Problem to work on
When you transcribe the data below, reproduce every line exactly and leave each picture out.

Stored data
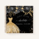 For a Quinceañera, 15th birthday party. A black background with faux gold glitter dust, a golden dress and black roses, florals. The name is written with a modern hand lettered style script. Personalize and add a name and date.
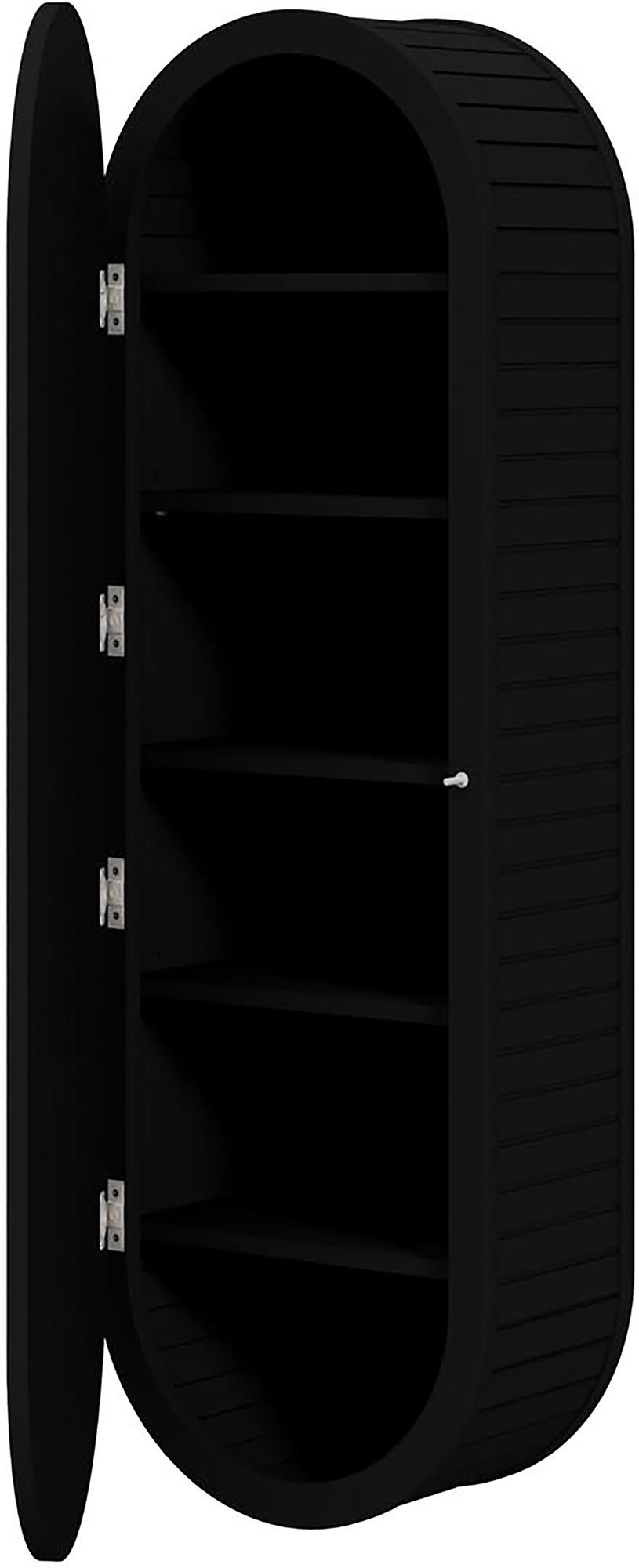 Loiske seinakapp, must – luksuslik ja julge valik, mis ühendab skulpturaalse disaini ning praktilise hoiuruumi, tuues vannituppa sügavust ja iseloomu.
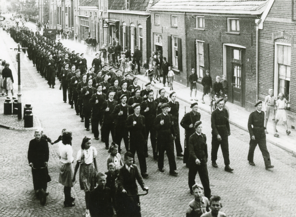 Nederlandse vrijwilligers marcheren door Aalten (Dut...

Expected answer
 For a Quinceañera, 15th birthday party. A black background with faux gold glitter dust, a golden dress and black roses, florals. The name is written with a modern hand lettered style script. Personalize and add a name and date.
 Loiske seinakapp, must – luksuslik ja julge valik, mis ühendab skulpturaalse disaini ning praktilise hoiuruumi, tuues vannituppa sügavust ja iseloomu.
 Nederlandse vrijwilligers marcheren door Aalten (Dut...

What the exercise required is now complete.